Perhaps all too aware of their obscurity, the liner notes by LTM's James Nice go out of their way to connect John Bisset-Smith and Grow Up to the lively Manchester scene in the late 1970s, playing up the MMC connection as a way to drop some famous names: Joy Division, The Passage, Crispy Ambulance, etc. Perhaps this kind of name-dropping is inevitable, but it seems unfortunate in the case of Grow Up, who possess an idiosyncratic sound that seems to have been conceived largely in a state of obvliousness about their contemporaries, both temporally and geographically. I can't think of anything else that sounds quite like Grow Up. Though all of the elements in isolation aren't unique, taken together they add up to a strange hybrid that is intriguing, eminently listenable, and hints at greater things to come (which unfortunately never materialized).
Although both of the band's full-length albums received positive reviews from the British press at the time of their release—Paul Morley of NME enthusing that the band's "ingenious, sax-propelled chamber pop" was "brilliant" and "extremely commercial"—the albums did not sell terribly well, and the band remained obscure. This was partly due to the vagaries of independent music at their particular time and place, and partly due to the sudden closure of the Object Music label, which left the band responsible for all promotion and distribution of their sophomore album. However, I don't quite hear an unjustly obscure lost treasure when I listen to the music collected on this two-disc set. What I hear is a band with an overdose of ambition; a series of false starts and isolated moments of greatness, shot through with a youthful ambition that carries it off even when the songs themselves are callow.

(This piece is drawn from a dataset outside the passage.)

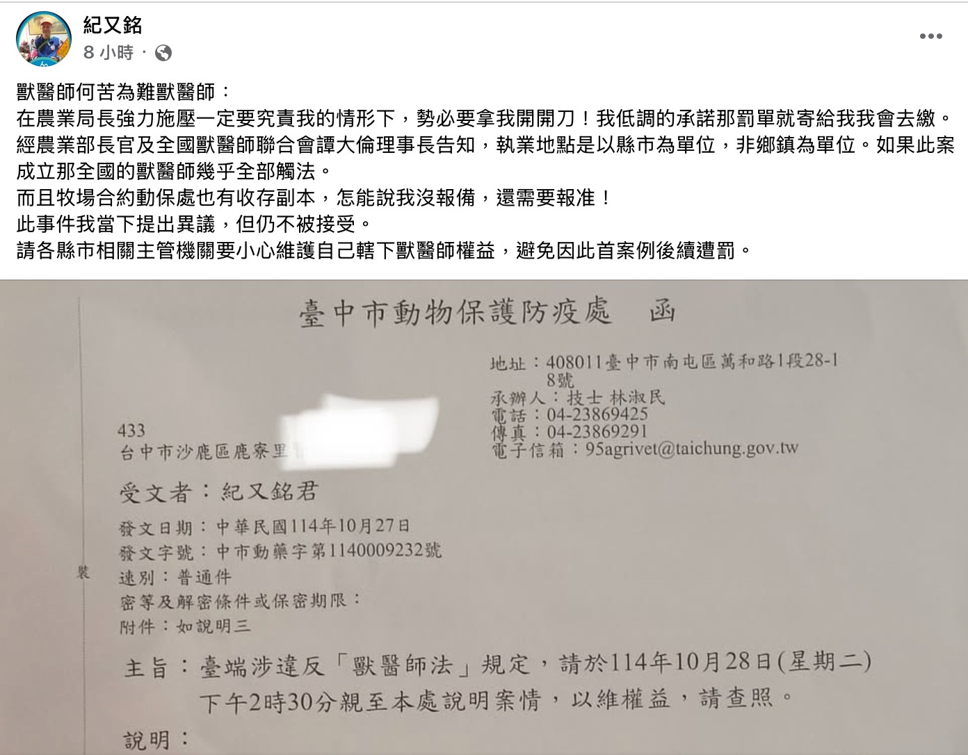 周永鴻接著指出,紀姓獸醫31日再發文,指盧市府竟引用《獸醫師法》第七條指控他和養豬場合作,因為跨行政區且未經報備執業而違法。但該條本是規範「跨縣市」,不是「跨區」。若硬拗成立,全國獸醫都可能違法。

I am a sucker for a particularly well-conceived short song. There is something about the restraint and cleverness required to write a memorable song that clocks in at under three minutes that impresses me. Grow Up have several of these tiny gems scattered across the two albums, seven-inch singles, compilation and demo tracks that comprise this collection. The title track of the band's debut The Best Thing comes early and is perhaps the best single song the band recorded, a miniature masterpiece of vibrant, slapdash, hyperactive post-punk. Bisset-Smith fills each line with verbiage, often running well past the end of a measure. The effect is reminiscent of high school poetry, cramming too many words into each line, a glut of emotions spilling out. The horns, reeds and guitars swarm around each phrase with a glorious lack of precision, as if each song were rehearsed only once before pressing record. Other winners include the narrative "Dear Isobel," an odd rockabilly-esque song addressed to the titular punk girl, the plea of a young rebel and ne'er-do-well to an out-of-reach girl who meets an untimely and tragic end. Steven Westwood's trombone is particularly successul at carrying the song's melody, which continues seamlessly into the next song "Do You Want To Dance," suggesting that Bisset-Smith conceived the album as a coherent whole, rather than a series of songs.
Without Wings is a worthy follow-up, evidencing a maturing in the band's sound, but also less of the messy impulsiveness of the debut. Bisset-Smith's vocals are often effected with superfluous reverb that unecessarily adds a distance to the intimate lyrics. Also, the band's accuracy has improved, complex arrangements turning on a dime. Even though some of the loose charm is gone, there are still many highlights on the album. More terse pop gems in the bratty "Becoming" and the funky "Flying Fish." "The Boy" is a standout track, a sad and quirky story-song that moves through several different movements with ease, making poignant use of call-and-response vocals. Songs like this one could easily fit in on the Cherry Red label; bands like The Monochrome Set and Everything But the Girl; they are witty, musically complex but also breezy and lightweight. The sophomore album also demonstrates more of the band's affection for 1950s rockabilly and the burgeoning neo-swing jazz sound, influences which haven't aged particularly well, but Bisset-Smith and co. make the most of it on tracks such as "The Hypnotist" and "The Double Act." The instrumental track "GGGDADGADADAD," drawn from a seven-inch released in 1980, shows the band at its most prankish, the literalism of the title provoking an amazing stop/start, stuttering Beefheart-ian jam.
The collection ends with a pair of unreleased studio demo recordings—the last made by the group before they disbanded—which offer tantalizing hints at future iterations which were never to materialize. "Do Choose" lacks the horns which characterize the rest of Grow Up's output, though it still contains a seemingly effortless pop hook. "Black Cat Is Back" is psychedelic, alliterative beat poetry recited against dislocated guitar and flute with a field recording of a child talking the background. How this material might have slotted into a third album is anyone's guess, and a question that will never be answered. Although the LTM demographic is generally the intrepid listener of post-punk rarities, Grow Up seems to evade ghettoization, making music that has appeal well outside this obsessive coterie.